[Dataset excerpts]
▬▬▬▬▬▬▬▬▬▬

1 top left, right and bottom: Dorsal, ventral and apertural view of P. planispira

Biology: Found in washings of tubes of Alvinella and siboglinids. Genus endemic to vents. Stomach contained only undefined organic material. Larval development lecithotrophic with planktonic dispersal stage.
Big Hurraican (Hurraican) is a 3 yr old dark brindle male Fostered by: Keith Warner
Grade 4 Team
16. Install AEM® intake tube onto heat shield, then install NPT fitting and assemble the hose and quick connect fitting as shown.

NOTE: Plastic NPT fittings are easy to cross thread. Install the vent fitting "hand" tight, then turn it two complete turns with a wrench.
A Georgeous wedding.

▬▬▬▬▬▬▬▬▬▬

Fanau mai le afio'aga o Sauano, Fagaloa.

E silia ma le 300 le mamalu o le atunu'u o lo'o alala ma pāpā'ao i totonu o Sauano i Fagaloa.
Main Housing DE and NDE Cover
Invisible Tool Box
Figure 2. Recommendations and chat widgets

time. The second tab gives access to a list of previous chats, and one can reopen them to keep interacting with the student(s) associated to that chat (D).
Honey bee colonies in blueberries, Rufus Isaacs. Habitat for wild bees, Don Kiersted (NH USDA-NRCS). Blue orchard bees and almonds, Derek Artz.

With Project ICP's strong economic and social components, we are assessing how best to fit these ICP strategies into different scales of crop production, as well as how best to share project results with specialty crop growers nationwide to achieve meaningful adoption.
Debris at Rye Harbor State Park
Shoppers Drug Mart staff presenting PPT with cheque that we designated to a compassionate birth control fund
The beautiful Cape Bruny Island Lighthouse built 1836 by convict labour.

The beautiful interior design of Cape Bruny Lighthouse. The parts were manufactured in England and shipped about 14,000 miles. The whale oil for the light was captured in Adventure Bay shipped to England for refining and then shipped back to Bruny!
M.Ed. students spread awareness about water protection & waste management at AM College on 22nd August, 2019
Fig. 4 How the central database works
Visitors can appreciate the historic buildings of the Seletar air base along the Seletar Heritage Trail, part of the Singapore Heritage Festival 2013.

▬▬▬▬▬▬▬▬▬▬

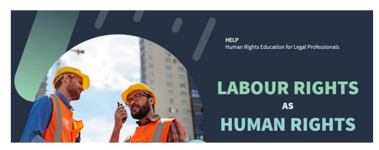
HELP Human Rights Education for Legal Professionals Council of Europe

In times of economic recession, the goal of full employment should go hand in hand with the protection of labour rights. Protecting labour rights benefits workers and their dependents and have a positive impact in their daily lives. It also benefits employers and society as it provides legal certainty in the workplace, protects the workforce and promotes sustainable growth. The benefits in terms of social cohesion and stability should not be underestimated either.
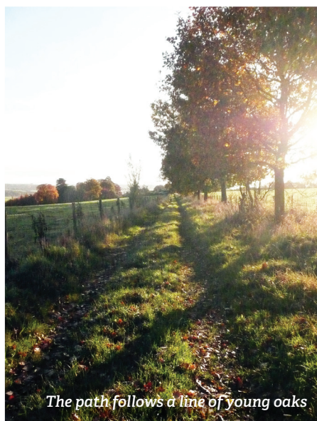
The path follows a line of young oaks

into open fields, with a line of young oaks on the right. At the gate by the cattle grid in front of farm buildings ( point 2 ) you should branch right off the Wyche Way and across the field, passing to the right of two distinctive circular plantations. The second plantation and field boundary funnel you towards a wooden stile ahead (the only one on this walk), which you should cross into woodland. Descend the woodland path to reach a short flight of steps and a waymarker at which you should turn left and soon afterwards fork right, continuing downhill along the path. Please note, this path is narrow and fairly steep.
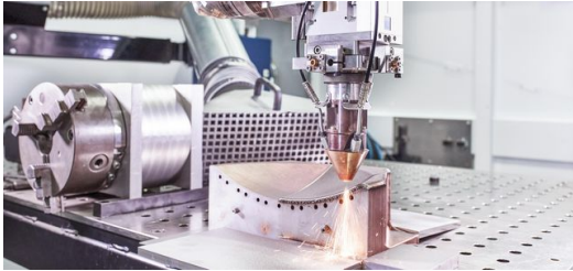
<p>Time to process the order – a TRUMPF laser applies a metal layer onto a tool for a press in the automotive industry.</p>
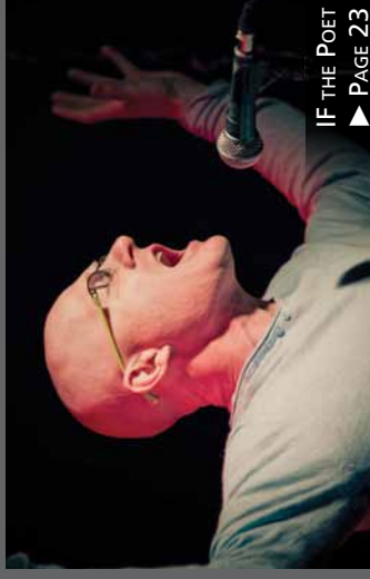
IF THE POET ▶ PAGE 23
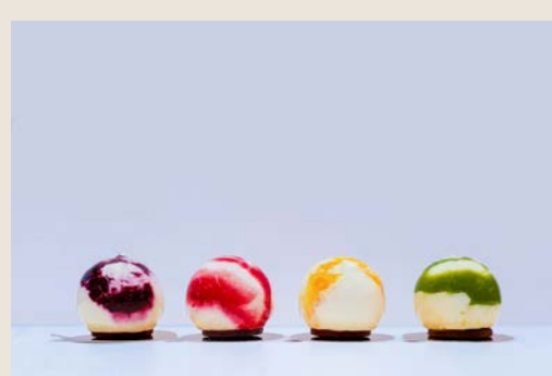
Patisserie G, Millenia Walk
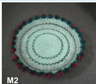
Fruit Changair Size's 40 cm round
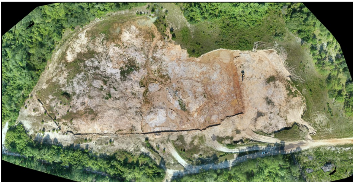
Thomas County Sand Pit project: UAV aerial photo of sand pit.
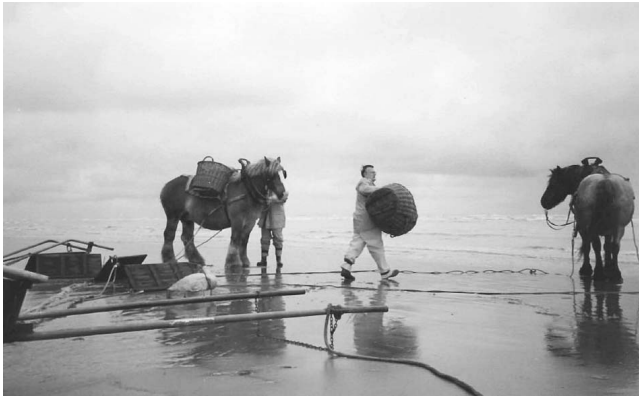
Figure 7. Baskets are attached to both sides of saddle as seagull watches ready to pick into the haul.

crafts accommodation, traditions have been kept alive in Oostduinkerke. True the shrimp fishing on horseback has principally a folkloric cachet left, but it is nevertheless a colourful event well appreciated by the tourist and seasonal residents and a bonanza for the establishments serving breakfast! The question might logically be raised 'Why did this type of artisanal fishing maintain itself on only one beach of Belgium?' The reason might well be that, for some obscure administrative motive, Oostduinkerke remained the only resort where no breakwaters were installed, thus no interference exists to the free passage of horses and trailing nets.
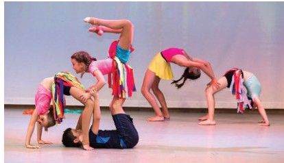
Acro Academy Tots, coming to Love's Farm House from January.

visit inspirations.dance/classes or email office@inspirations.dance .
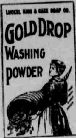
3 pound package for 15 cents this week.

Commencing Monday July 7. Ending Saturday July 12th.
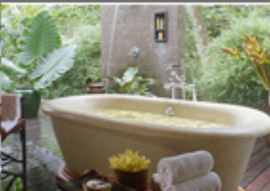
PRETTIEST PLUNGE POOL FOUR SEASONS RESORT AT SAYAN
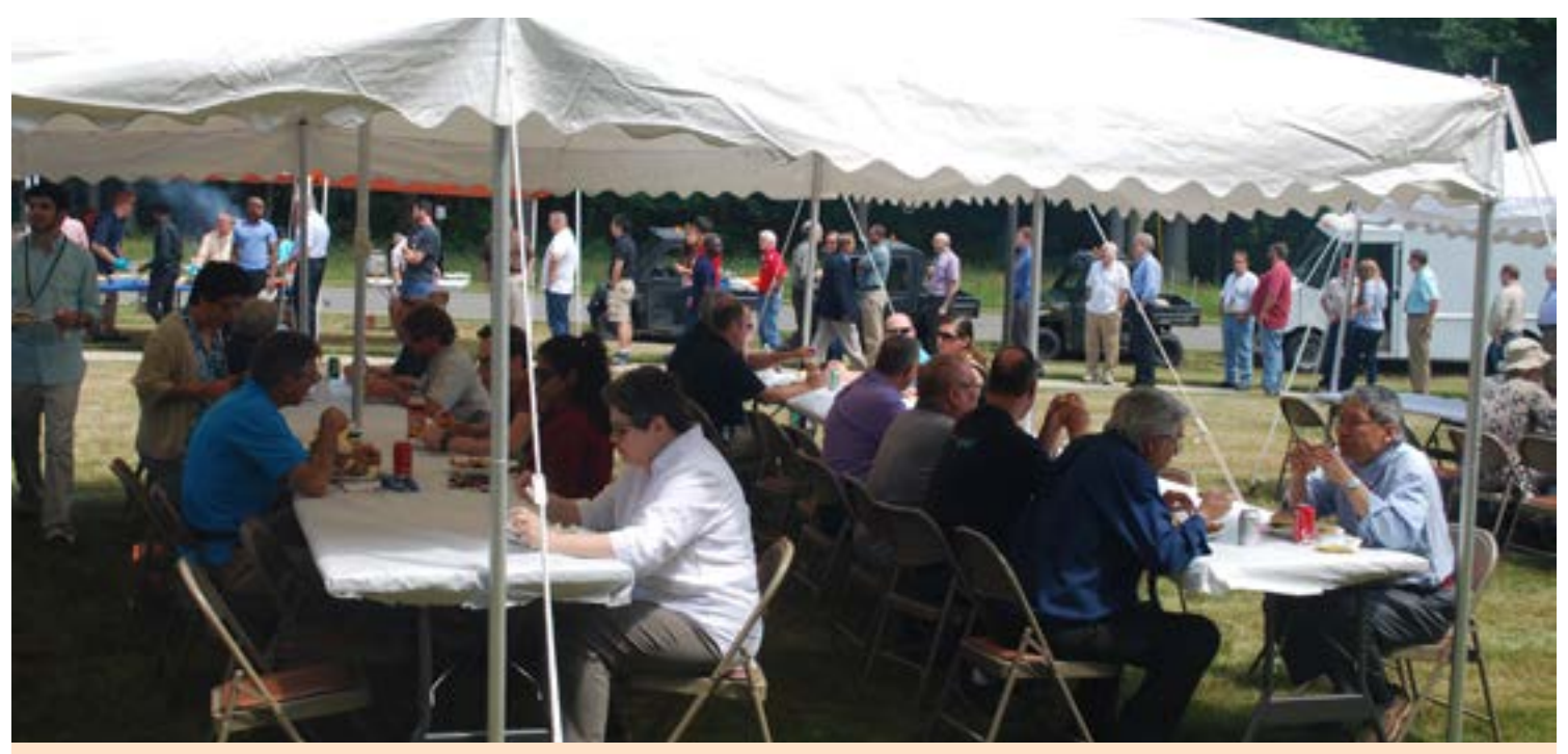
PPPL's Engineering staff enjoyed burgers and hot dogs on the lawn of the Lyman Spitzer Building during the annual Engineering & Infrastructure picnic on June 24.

▬▬▬▬▬▬▬▬▬▬

Your task
Starting with the line above that holds "In times of", restate each line word for word up to and including the line that holds "Figure 7. Baskets". Drop the pictures.

Problem solution
In times of economic recession, the goal of full employment should go hand in hand with the protection of labour rights. Protecting labour rights benefits workers and their dependents and have a positive impact in their daily lives. It also benefits employers and society as it provides legal certainty in the workplace, protects the workforce and promotes sustainable growth. The benefits in terms of social cohesion and stability should not be underestimated either.
The path follows a line of young oaks

into open fields, with a line of young oaks on the right. At the gate by the cattle grid in front of farm buildings ( point 2 ) you should branch right off the Wyche Way and across the field, passing to the right of two distinctive circular plantations. The second plantation and field boundary funnel you towards a wooden stile ahead (the only one on this walk), which you should cross into woodland. Descend the woodland path to reach a short flight of steps and a waymarker at which you should turn left and soon afterwards fork right, continuing downhill along the path. Please note, this path is narrow and fairly steep.
<p>Time to process the order – a TRUMPF laser applies a metal layer onto a tool for a press in the automotive industry.</p>
IF THE POET ▶ PAGE 23
Patisserie G, Millenia Walk
Fruit Changair Size's 40 cm round
Thomas County Sand Pit project: UAV aerial photo of sand pit.
Figure 7. Baskets are attached to both sides of saddle as seagull watches ready to pick into the haul.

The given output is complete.